Femur fractures are common. They may affect the neck, shaft or distal (supracondylar) femur. Femoral fractures include:

  • Fractures of the femoral neck - far more common in the elderly.
  • Femoral shaft fractures and supracondylar fractures - usually caused by violent trauma and most often occurring in adolescents and young adults.
  • Femoral stress fractures - partial-thickness fractures, most commonly affecting the femoral neck. They are chronic overuse injuries and tend to be seen in those who take part in physical activity. They may progress to full fractures. They are covered more fully in the separate Stress Fractures article.

A hip fracture means a fracture of the proximal femur (proximal to 5 cm below the lesser trochanter). Hip fractures are the most common reason for admission to an orthopaedic trauma ward[1] .

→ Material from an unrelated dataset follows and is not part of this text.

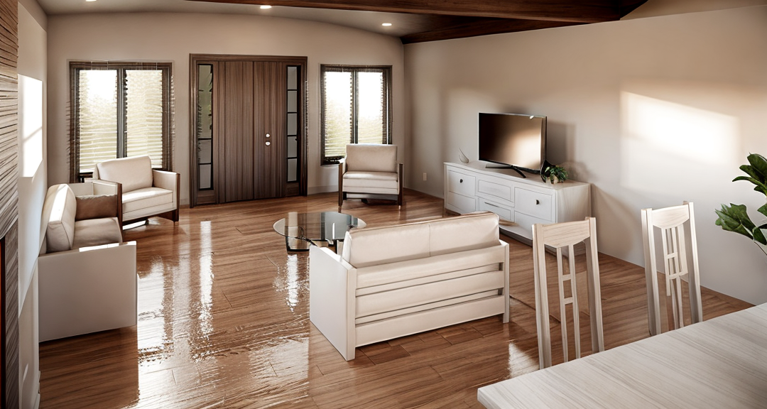 do not change the building do not change the materials make the mood vibe environment the same as the reference images add more texture and sharpness to materials add polished concrete floor

Hip fractures cause significant morbidity and are associated with increased mortality. Women experience 80% of hip fractures, and the average age of people who have a hip fracture is 80 years[2] . A second fracture of the contralateral hip carries even higher complications. Most second hip fractures occur within 48 months of the first[3] .

Intracapsular fractures
Involve the femoral neck between the edge of the femoral head and insertion of the capsule of the hip joint.

  • Around half of all hip fractures are intracapsular.
  • Intracapsular fractures may disrupt the blood supply to the femoral head, leading to avascular necrosis.

Extracapsular trochanteric fractures
Distal to the insertion of the capsule, involving or between the trochanters.

  • They include intertrochanteric or pertrochanteric and reverse oblique fractures and isolated trochanteric avulsion fractures.
  • Isolated trochanteric avulsion fractures can result from sudden violent force avulsing the insertion of gluteus medius from the greater trochanter, or iliopsoas from the lesser trochanter.

Extracapsular subtrochanteric fractures
Fractures below, but no more than 5 cm below, the lesser trochanter, ie involving the proximal femoral shaft, at, or just distal to, the trochanters.

  • Hip fractures can follow relatively minor trauma (eg, a fall, or a direct blow to the side of the hip) in the elderly, those with osteoporosis and those with metastatic disease..
  • In younger patients hip fractures are usually caused by high-energy trauma and are often associated with other serious injuries[4] .

Risk factors

  • Increasing age.
  • Osteoporosis.
  • Osteomalacia.
  • Falls, which may be secondary to a number of factors which are often age-related including:
    • Instability.
    • Lack of core strength.
    • Gait disturbance.
    • Sensory impairment.
  • Pain is typically in the outer upper thigh or in the groin.
  • Pain may radiate to the knee (isolated knee pain can occasionally be the only symptom).
  • Inability to bear weight.
  • There may be no history of injury, especially in an elderly patient with confusion or dementia.
  • Pain may be particularly aggravated by flexion and rotation of the leg.
  • The affected leg may be shortened, abducted and externally rotated.
  • Where there is a preceding stress injury or bone pathology (eg, metastasis) there may be a preceding history of aching in the groin or thigh.
  • Anteroposterior (AP) pelvic and lateral hip X-rays: may show disruption of trabeculae, inferior or superior cortices and abnormality of pelvic contours.
  • Shenton's line is a radiographic, curved line formed by the top of the obturator foramen and the inner side of the neck of the femur. It is used to determine the relationship of the head of the femur to the acetabulum. This line is broken in fractures.
  • Magnetic resonance imaging (MRI) should be performed if a hip fracture is suspected but AP pelvic and lateral hip X-rays don't show a fracture. If MRI is not available within 24 hours or is contra-indicated (eg, due to a pacemaker) then computerised tomography (CT) should be requested[1] .
  • Intracapsular neck of femur fractures are graded by various classifications, including Garden's classification[5] :
    • Garden I: trabeculae angulated, inferior cortex intact. No significant displacement.
    • Garden II: trabeculae in line but a fracture line is visible from superior to inferior cortex. No significant displacement.
    • Garden III: obvious complete fracture line with slight displacement and/or rotation of the femoral head.
    • Garden IV: gross, often complete, displacement of the femoral head.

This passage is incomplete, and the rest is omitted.